Taxing safer alternatives as much as deadly cigarettes
“HNB cigarettes should be categorized as conventional cigarettes as they use the same tobacco and emit smoke, which is similar to the harmful smoke released by traditional cigarettes,” said a mistaken Rep. Kim Gwang-lim of the major opposition Liberty Korea Party a few months back.
During the plenary session, 230 out of 239 present lawmakers voted in favour of the bill, with one disapproval and eight abstentions. The tax raise which is expected to go into effect next month, will increase the prices of PMI’s ‘Heets’ and BAT’s ‘Neostiks’, from the current 4,300 range to about 5,000 won (US$4,415) a pack. “We may have to consider raising the price per pack to over 5,000 won, if the government increases consumption taxes,” said a Philip Morris spokesperson last month.

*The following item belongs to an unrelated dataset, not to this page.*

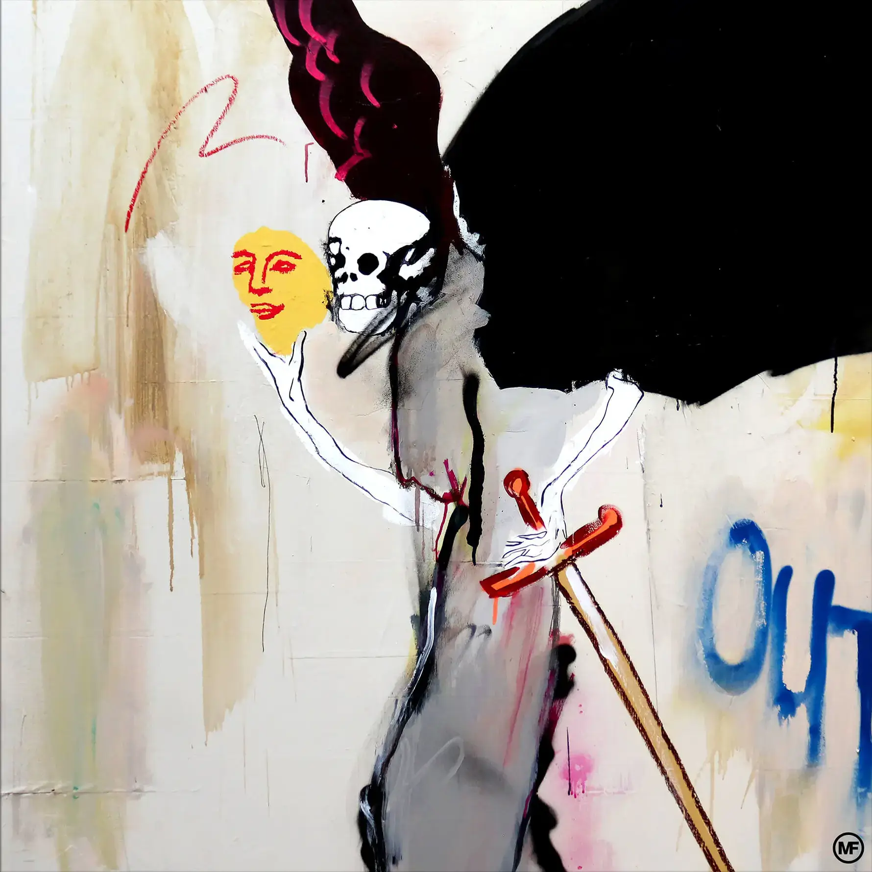 A skeleton wearing a mask and holding a sword creates a striking visual that blends macabre elements with artistic flair. This piece adds a bold and edgy touch to any space.

Tax revenue vs public health
South Korea has been actively fighting smoking, infact earlier this year the Ministry of Health and Welfare of South Korea, had successfully implemented a regulation that forces cigarette manufacturers to put graphic images of the harmful effects of smoking on cigarette packets. Research keeps indicating that HnB products are safer than their combustible counterparts, hence Public Health experts will agree that taxing them in the same way as their deadly counterparts will prove counterproductive to this movement.